- **What to produce**
All of the data that follows is to be printed exactly, without pictures.

::: Given entries :::

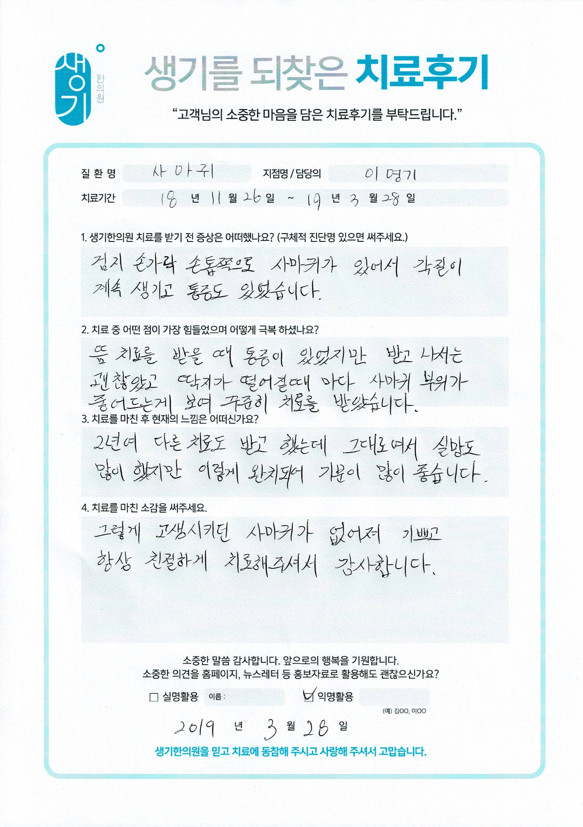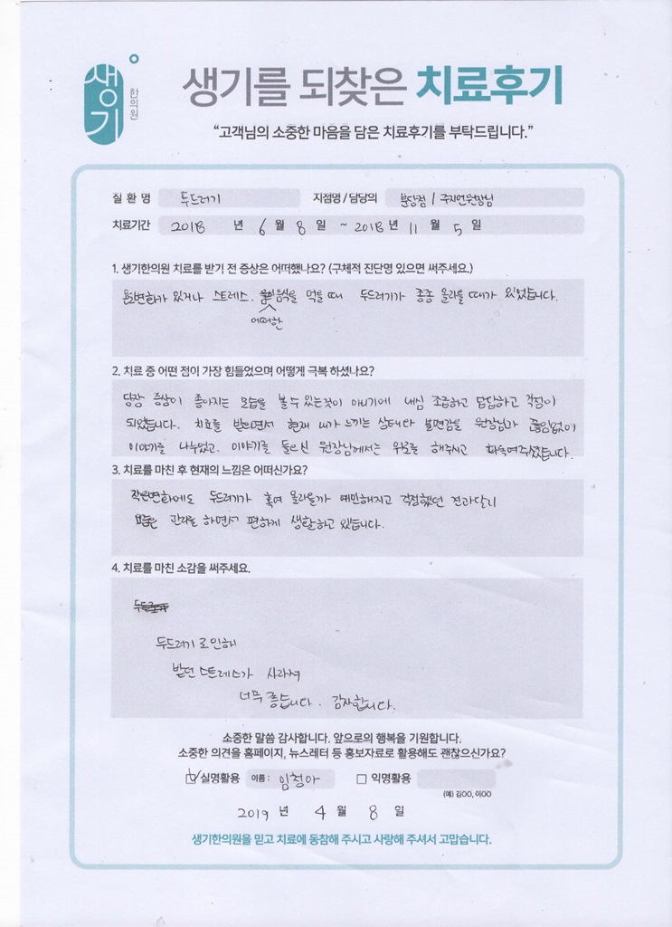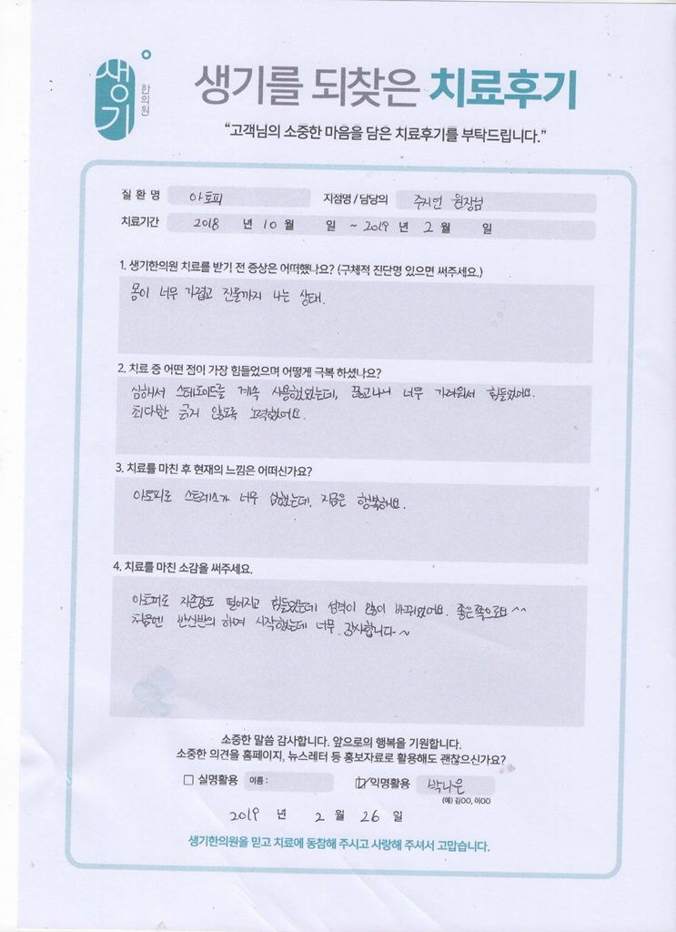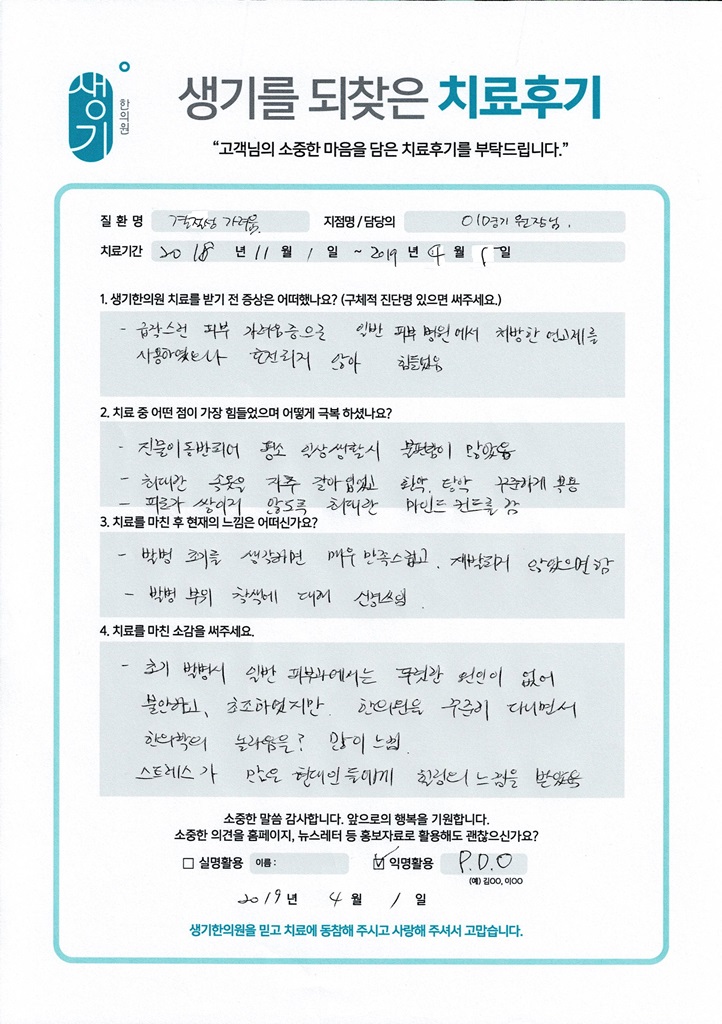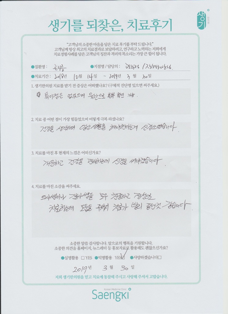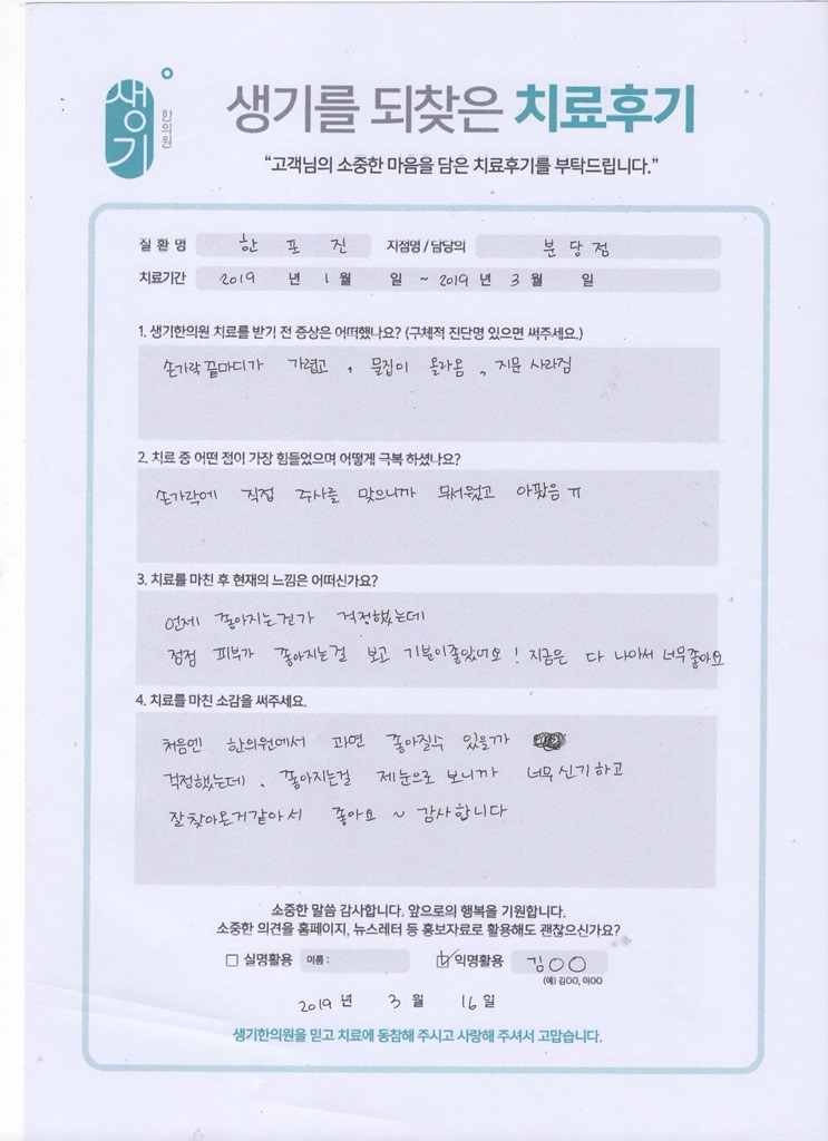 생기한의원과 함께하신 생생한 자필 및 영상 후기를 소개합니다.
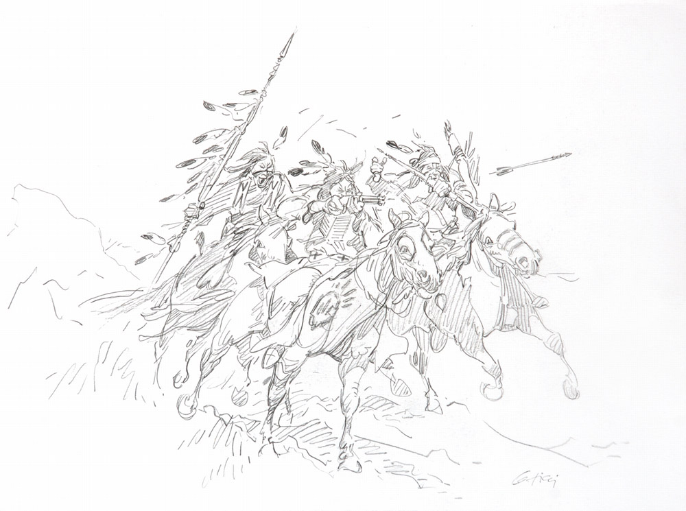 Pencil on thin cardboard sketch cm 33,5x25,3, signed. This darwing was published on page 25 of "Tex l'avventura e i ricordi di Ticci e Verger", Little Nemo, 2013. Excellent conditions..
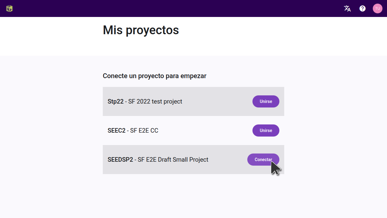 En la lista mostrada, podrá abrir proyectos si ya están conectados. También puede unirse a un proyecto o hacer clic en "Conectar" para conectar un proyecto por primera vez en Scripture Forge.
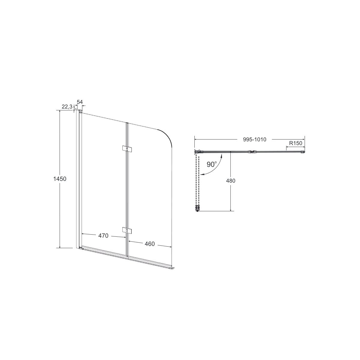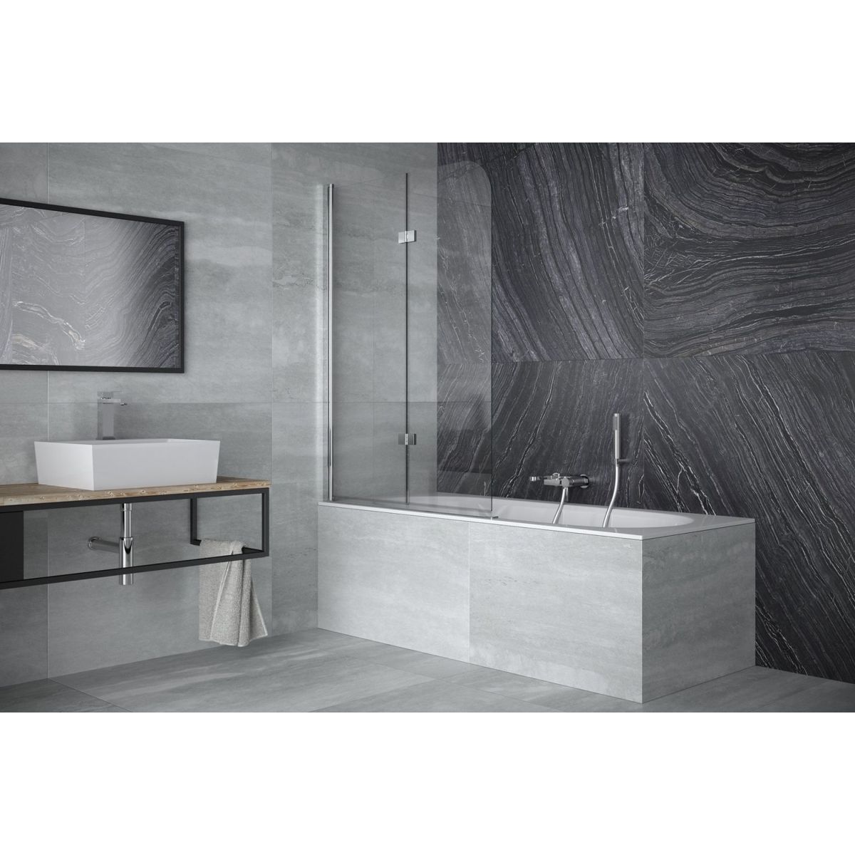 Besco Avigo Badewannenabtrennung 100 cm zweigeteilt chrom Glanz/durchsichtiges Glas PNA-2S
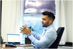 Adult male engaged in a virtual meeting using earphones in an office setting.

:::

- **Response area**
 생기한의원과 함께하신 생생한 자필 및 영상 후기를 소개합니다.
 Pencil on thin cardboard sketch cm 33,5x25,3, signed. This darwing was published on page 25 of "Tex l'avventura e i ricordi di Ticci e Verger", Little Nemo, 2013. Excellent conditions..
 En la lista mostrada, podrá abrir proyectos si ya están conectados. También puede unirse a un proyecto o hacer clic en "Conectar" para conectar un proyecto por primera vez en Scripture Forge.
 Besco Avigo Badewannenabtrennung 100 cm zweigeteilt chrom Glanz/durchsichtiges Glas PNA-2S
 Adult male engaged in a virtual meeting using earphones in an office setting.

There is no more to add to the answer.